Beginning with the line that contains "比如,一个高频场景:城区可能", copy each subsequent line of the data below through the last one, including both ends but not the pictures.

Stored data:
# # # # #

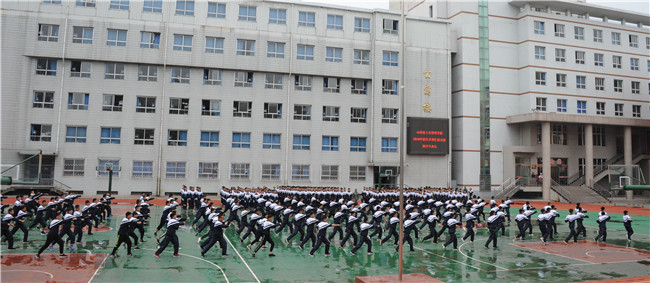 在庄严的升旗仪式后,校长王黎明在军训教官的陪同下进行方队检阅。随后各连进行了分列式汇报表演。同学们用一项项精彩的军训汇报表演展现出这十天军训的丰硕成果。
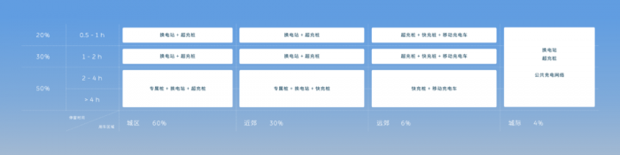 比如,一个高频场景:城区可能占到60%的用车场景,那么对应大于4小时停留时间的地方,最可能是单位/家/酒店。另外一个极端:城际占到4%的用车区域,近停留半小时至一小时的时长,最可能是在大于100公里的旅游景区。那么,针对不同场景,就要用最合适该场景的充电方式。
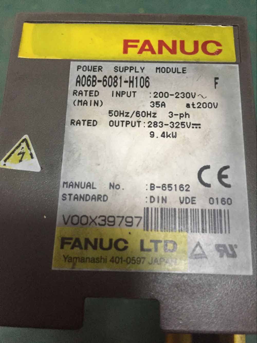 发那科电源放大器,型号为A06B-6081-H106,输入电压为三相200-230V交流50Hz/60Hz,最大电流35A;输出为283-325V直流,功率为9.4KW。
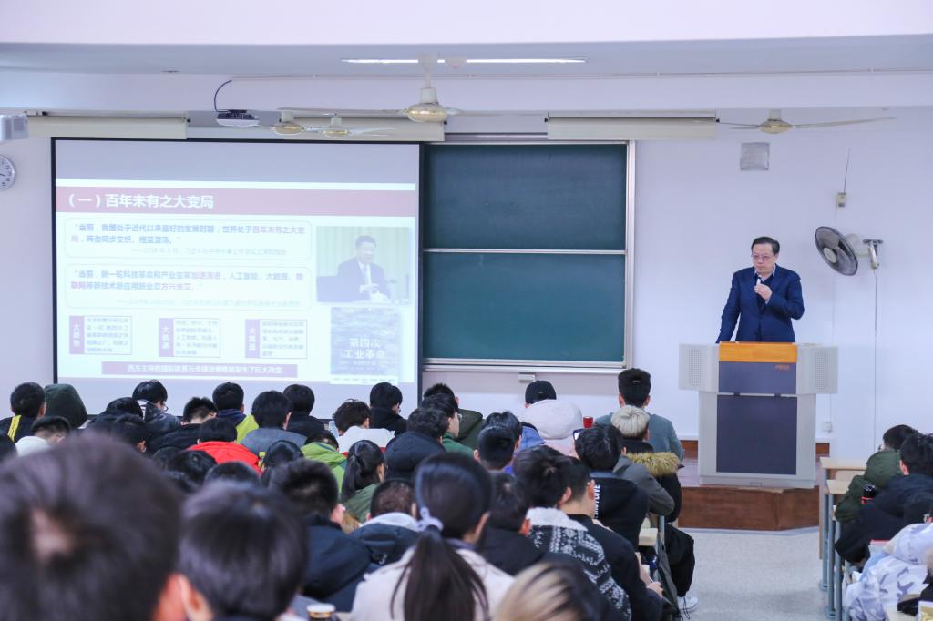 12月27日下午,在第二教学楼D308教室,校党委书记朱庆葆教授面向巅峰国际
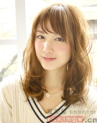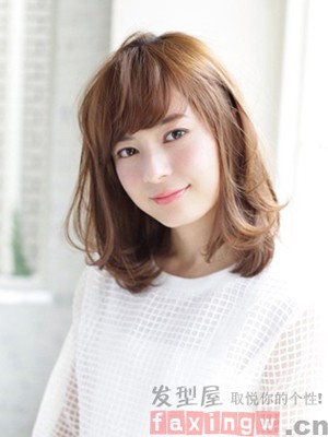 圆脸女生值得一试的一款蓬松中长发发型,棕色系的发色,搭配薄刘海的设计,修颜时尚两不误。
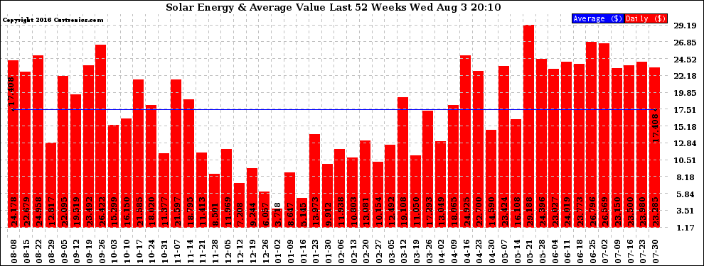 20160803 Weekly Solar Energy Production Value Last 52 Weeks
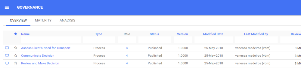 Governance and oversight is a crucial factor in Business Process Management and Business Process Optimization. Governance provides individuals with the ability to oversee processes, analyze and assess their effectiveness at their current state, while planning for improvements in the future. This in mind, the EPC Governance Module is divided into 3 tabs:
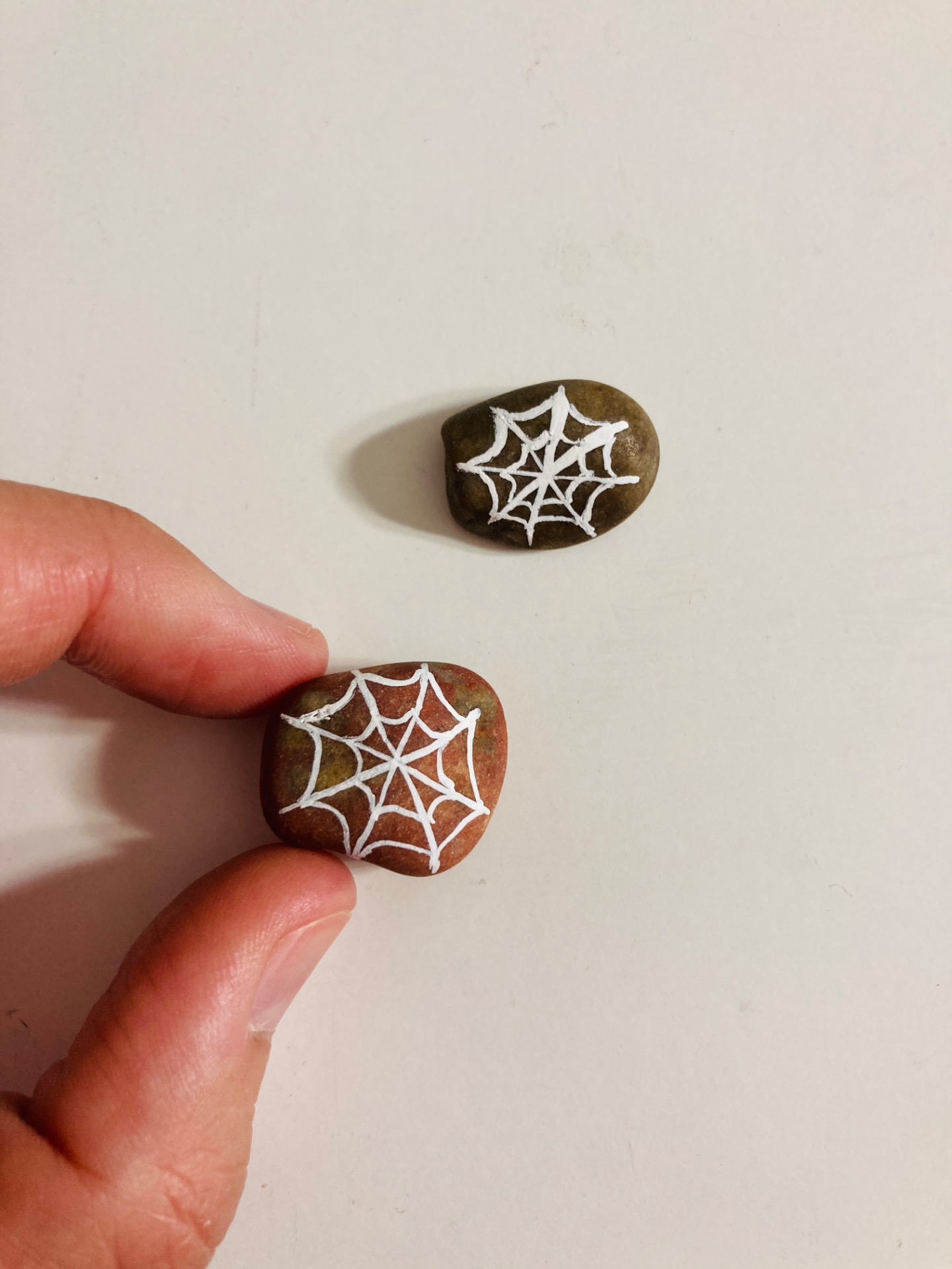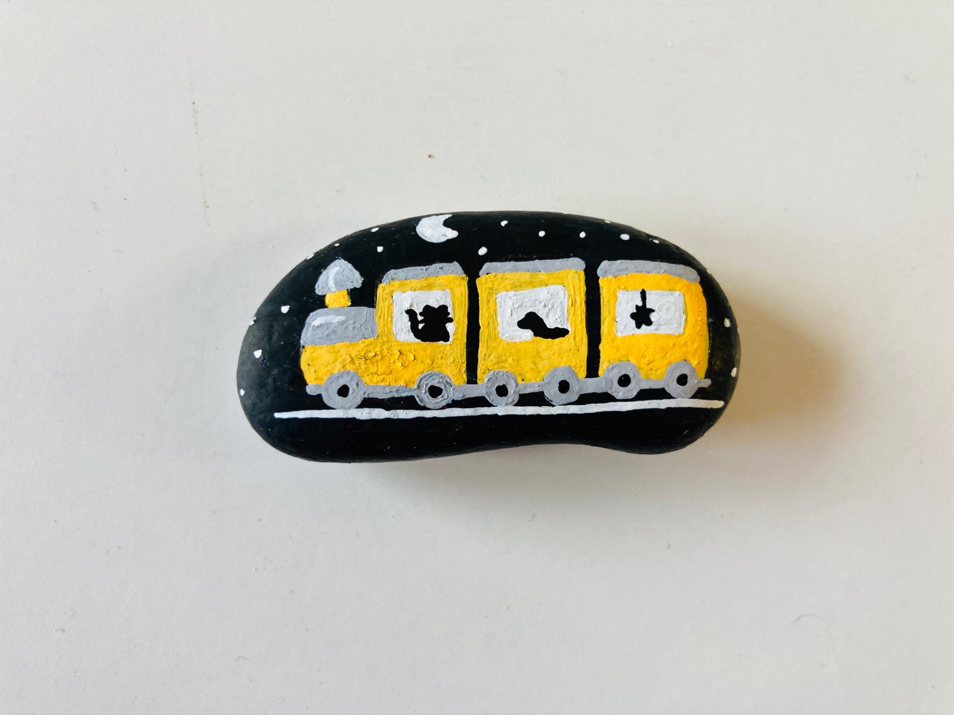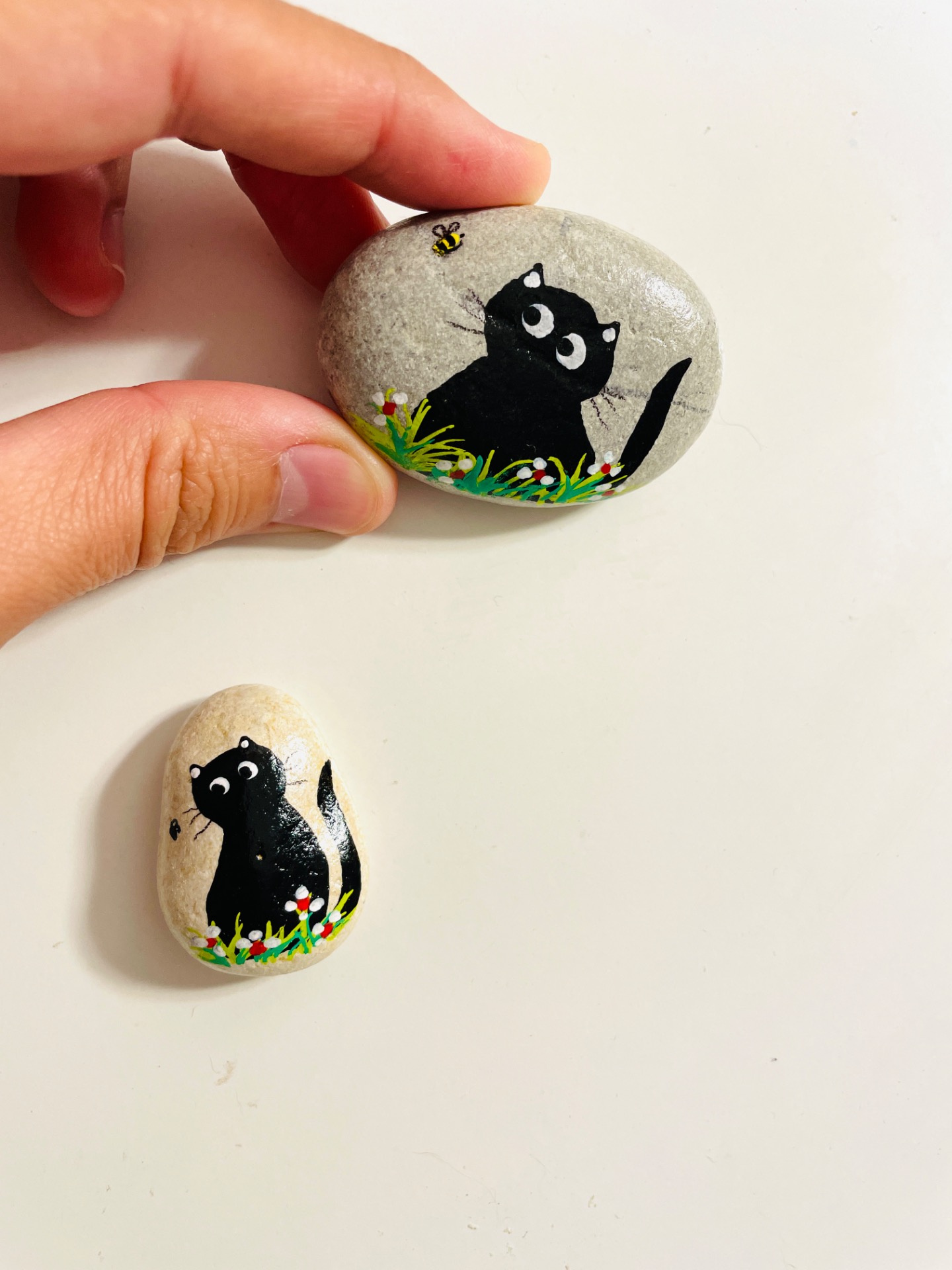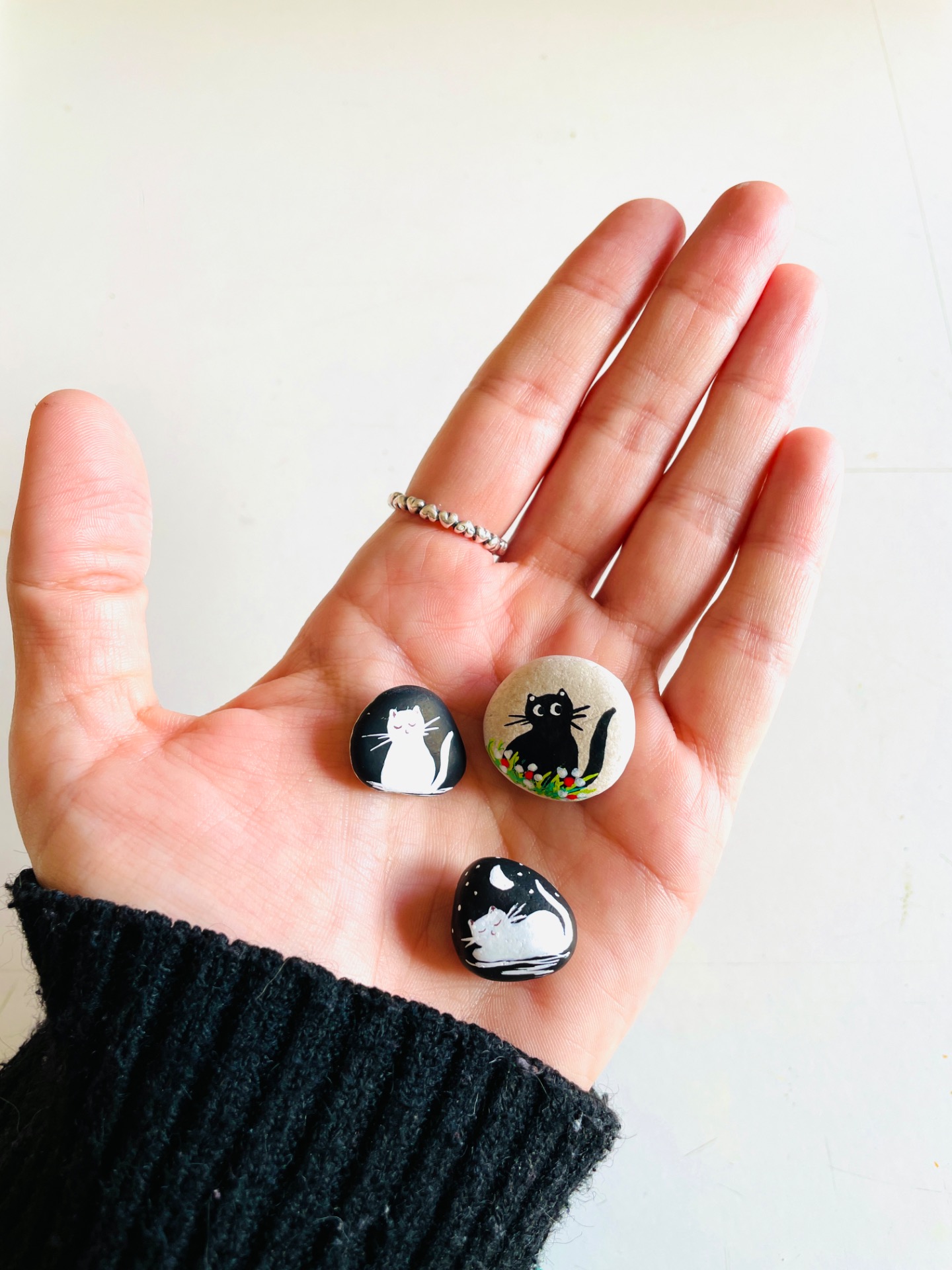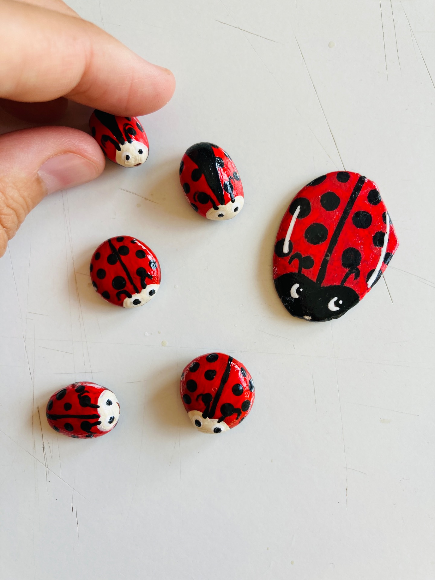 Pedras pintadas à mão com tinta acrílica, envernizadas. O tamanho das pedras varia entre 1 cm e 3 cm de comprimento. Podem ser utilizadas como extra para o jogo Era uma Vez.

# # # # #

> **Answer area**:
 比如,一个高频场景:城区可能占到60%的用车场景,那么对应大于4小时停留时间的地方,最可能是单位/家/酒店。另外一个极端:城际占到4%的用车区域,近停留半小时至一小时的时长,最可能是在大于100公里的旅游景区。那么,针对不同场景,就要用最合适该场景的充电方式。
 发那科电源放大器,型号为A06B-6081-H106,输入电压为三相200-230V交流50Hz/60Hz,最大电流35A;输出为283-325V直流,功率为9.4KW。
 12月27日下午,在第二教学楼D308教室,校党委书记朱庆葆教授面向巅峰国际
 圆脸女生值得一试的一款蓬松中长发发型,棕色系的发色,搭配薄刘海的设计,修颜时尚两不误。
 20160803 Weekly Solar Energy Production Value Last 52 Weeks
 Governance and oversight is a crucial factor in Business Process Management and Business Process Optimization. Governance provides individuals with the ability to oversee processes, analyze and assess their effectiveness at their current state, while planning for improvements in the future. This in mind, the EPC Governance Module is divided into 3 tabs:
 Pedras pintadas à mão com tinta acrílica, envernizadas. O tamanho das pedras varia entre 1 cm e 3 cm de comprimento. Podem ser utilizadas como extra para o jogo Era uma Vez.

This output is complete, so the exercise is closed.